- **INPUT FOR THIS TASK**:
━━━━━━━━━━

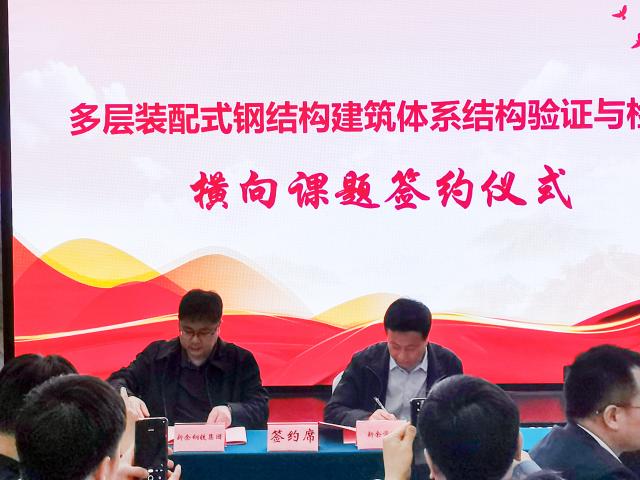 会议后半程,进行建筑钢结构教育部工程研究中心江西分中心授牌仪式与多层装配式钢结构建筑体系结构验证与检测横向课题签约仪式。
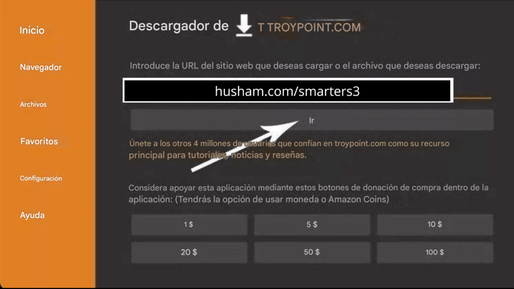 16. Escribe la siguiente URL exactamente como se muestra aquí: https://www.iptvsmarters.com/smarters.apk
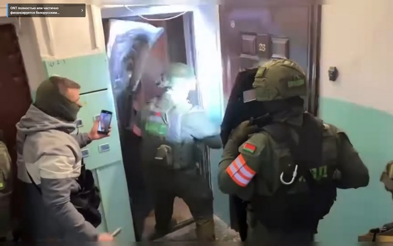 Сначала в сюжете показали задержание Александра Войтешика в Барановичах. Силовики вломились к нему в квартиру и приказали лечь на пол. После на видео, снятом силовиками, он был уже в наручниках.
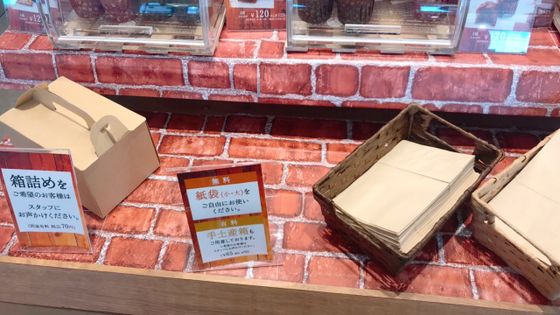ショーケースの前に紙袋(サイズは小・大)が置いてあります。
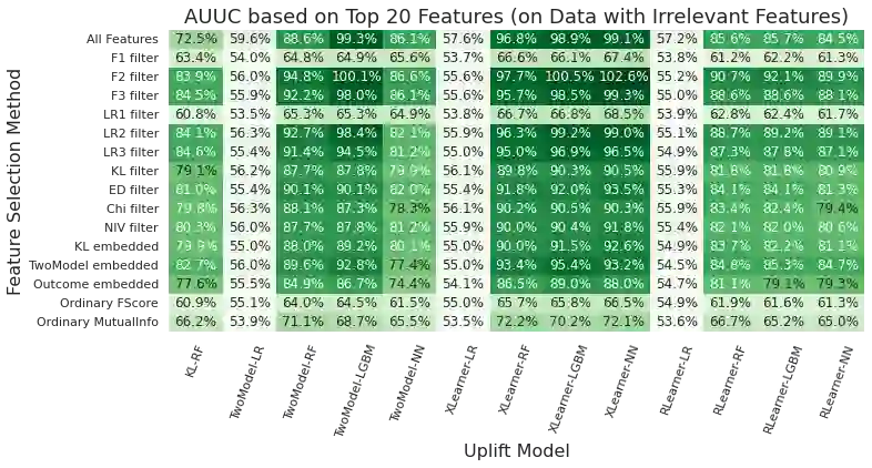 Uplift modeling is a causal learning technique that estimates subgroup-level treatment effects. It is commonly used in industry and elsewhere for tasks such as targeting ads. In a typical setting, uplift models can take thousands of features as inputs, which is costly and results in problems such as overfitting and poor model interpretability. Consequently, there is a need to select a subset of the most important features for modeling. However, traditional methods for doing feature selection are not fit for the task because they are designed for standard machine learning models whose target is importantly different from uplift models. To address this, we introduce a set of feature selection methods explicitly designed for uplift modeling, drawing inspiration from statistics and information theory. We conduct empirical evaluations on the proposed methods on publicly available datasets, demonstrating the advantages of the proposed methods compared to traditional feature selection. We make the proposed methods publicly available as a part of the CausalML open-source package.

━━━━━━━━━━

- **YOUR INSTRUCTIONS**: Set down, exactly as written above, each line from the one with "16. Escribe la" through the one with "ショーケースの前に紙袋(サイズは小・大)が置いてあります。", and skip the pictures.

- **WORKED SOLUTION**:
 16. Escribe la siguiente URL exactamente como se muestra aquí: https://www.iptvsmarters.com/smarters.apk
 Сначала в сюжете показали задержание Александра Войтешика в Барановичах. Силовики вломились к нему в квартиру и приказали лечь на пол. После на видео, снятом силовиками, он был уже в наручниках.
ショーケースの前に紙袋(サイズは小・大)が置いてあります。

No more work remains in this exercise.